Spätestens mit Abschluss des Studiums kommt die Frage auf jeden zu: Welche Stelle ist die richtige für den Einstieg? Wo will ich anfangen? Manche locken die Namen großer Firmen, andere der Status einer bestimmten Berufsrichtung. Als Zwischenfazit meiner Karriere würde ich die Frage heute anders formulieren: Wovon profitiere ich später am meisten? Was ist eine gute Schule für meinen weiteren Werdegang?
Learning by doing…
Aus meiner Sicht ist der erste Job eine ideale Gelegenheit, um enorme Erfahrungen zu machen. Jetzt werde ich auf die Arbeitswelt losgelassen und muss mir zunächst meine Hörner abstoßen. Die besten Erfahrungen mache ich im operativen Geschäft mit dem Gesicht im Wind. Das kann im Vertrieb sein im direkten Kontakt mit den Kunden. Das kann direkt in der Fertigung sein als Materialplaner auf Teilejagd. Das kann im Marketing sein direkt auf dem Messestand. Das kann in der Buchhaltung sein direkt im Mahnwesen. Es kommt einfach darauf an, dass ich direkt ins kalte Wasser springe und mit den Wellen kämpfen muss. Später in der Karriere kann es sein, dass ich nur noch am Ufer stehe und die Richtung vorgebe oder kluge Ratschläge verteile. Und dann ist es sehr hilfreich, wenn ich selbst einmal im Wasser war, wenn ich die Strömungen kenne und wie ich sie beherrsche. Dann weiß ich genau, was ich vom Ufer aus erwarten und verlangen kann. Mir macht so schnell niemand etwas vor.

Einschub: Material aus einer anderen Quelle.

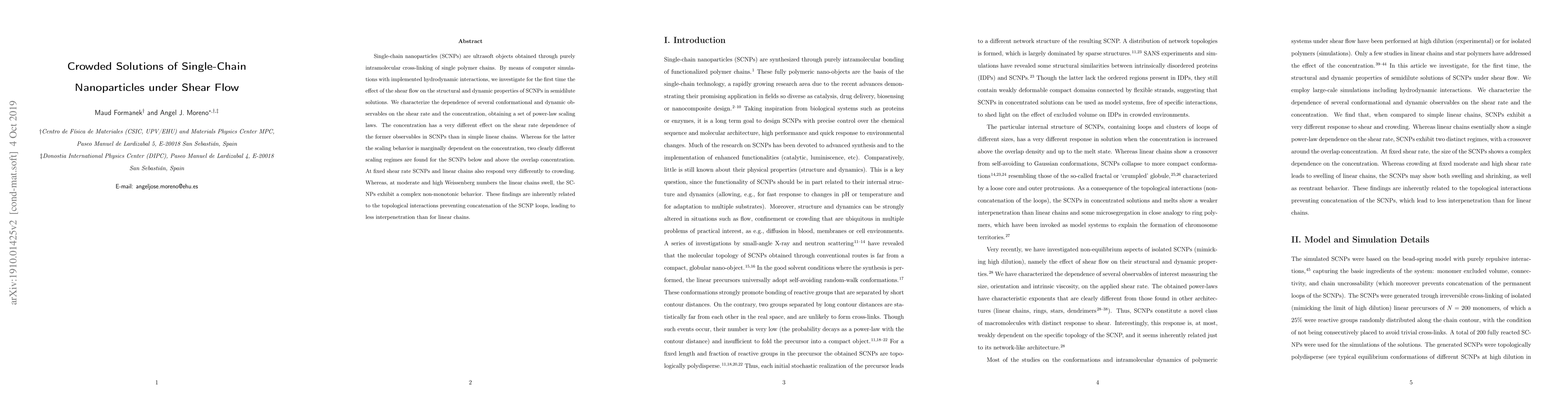 This paper explores the behavior of single-chain nanoparticles (SCNPs) under shear flow through computer simulations, revealing distinct scaling laws for SCNPs compared to linear chains. The study finds that SCNPs exhibit complex, non-monotonic responses to crowding, unlike the swelling behavior of linear chains, due to topological constraints.

Und wenn ich mir meine Einstellung bewahrt habe, dann bekomme ich auch die Akzeptanz der Kollegen und Mitarbeiter, deren Sprache ich zu sprechen weiß.

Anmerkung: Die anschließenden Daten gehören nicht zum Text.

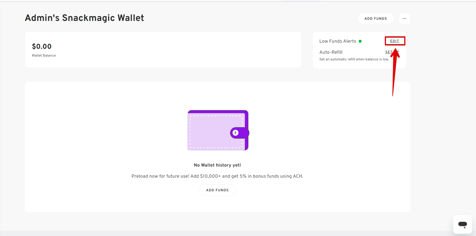 - In your User's Default Wallet Dashboard, click the EDIT button in the Low Funds Alerts section.

Denn einiges, das ich auf der Uni gelernt habe, lässt sich in der Realität so gar nicht anwenden. Und anderes, das plötzlich wichtig ist, wurde gar nicht gelehrt. Das Studium ist in Teilen ein wertvolles Rüstzeug, ein Rucksack von Methoden und Kenntnissen. Aber Wissen heißt noch lange nicht Können. Und Können erlerne ich nur durch ausprobieren, scheitern und schaffen. Wer die Gelegenheit bekommt etwas wirklich zu tun, dem kann ich nur raten diese Gelegenheit zu ergreifen (Ausnahmen siehe unten). Konzepte und Präsentationen sind schön und gut, aber Umsetzen und Ergebnisse erzielen sind viel schwieriger und eben eine Sache von Erfahrung. Auch im weiteren Berufsleben zählt die eigene Erfahrung mehr als jede Schulung. Im Einstellungsinterview wurde ich noch nie nach meinen Schulungen oder Ausbildungen befragt. Immer musste ich belegen, was ich bereits erlebt hatte, wo ich selbst im Wasser schwimmen und in schwierigen Situationen zurecht kommen musste.
…mit Einschränkungen
Bei diesem Plädoyer für die praktische Erfahrung gibt es dennoch etwas abzuwägen: Der erste Job in meinem Berufsleben gibt die Richtung vor! Wenn ich mich für eine Branche, eine Unternehmensgröße und ein Fachgebiet entscheide, dann bleibe ich dort häufig viele Jahre. Ein späterer Wechsel ist immer mit Erklärungen verbunden und auch nur in einer Dimension zurzeit möglich. Wenn ich also im Automobilsektor bei einem mittelständischen Zulieferer im Vertrieb beginne, dann kann ich nicht in einem Schritt ins Controlling eines internationalen Pharma-Konzerns wechseln. Ich sollte mich also gut entscheiden, in welche Richtung ich gehen möchte.
Ich habe mir angewöhnt, bei jeder Karriere-Entscheidung gleich einen Schritt weiter zu denken. Wenn ich mich verändere, dann befasse ich mich natürlich intensiv mit der vor mir liegenden Aufgabe. Ich frage mich, warum ich eine neue Aufgabe suche, und wo ich das am besten verwirklichen kann. Gleichzeitig überlege ich aber, welche Perspektiven sich später aus dieser neuen Aufgabe heraus anbieten. Welche Position oder Branche danach kommen könnte. Oder ob ich gar in eine Sackgasse einzubiegen drohe. Die abgedroschene Frage nach meiner Wunschposition in fünf Jahren hat durchaus ihre Berechtigung. Auch wenn niemand die Zukunft voraus sagen kann und es meistens doch anders kommt, so sollte der erste Schritt in die Praxis gut überlegt sein.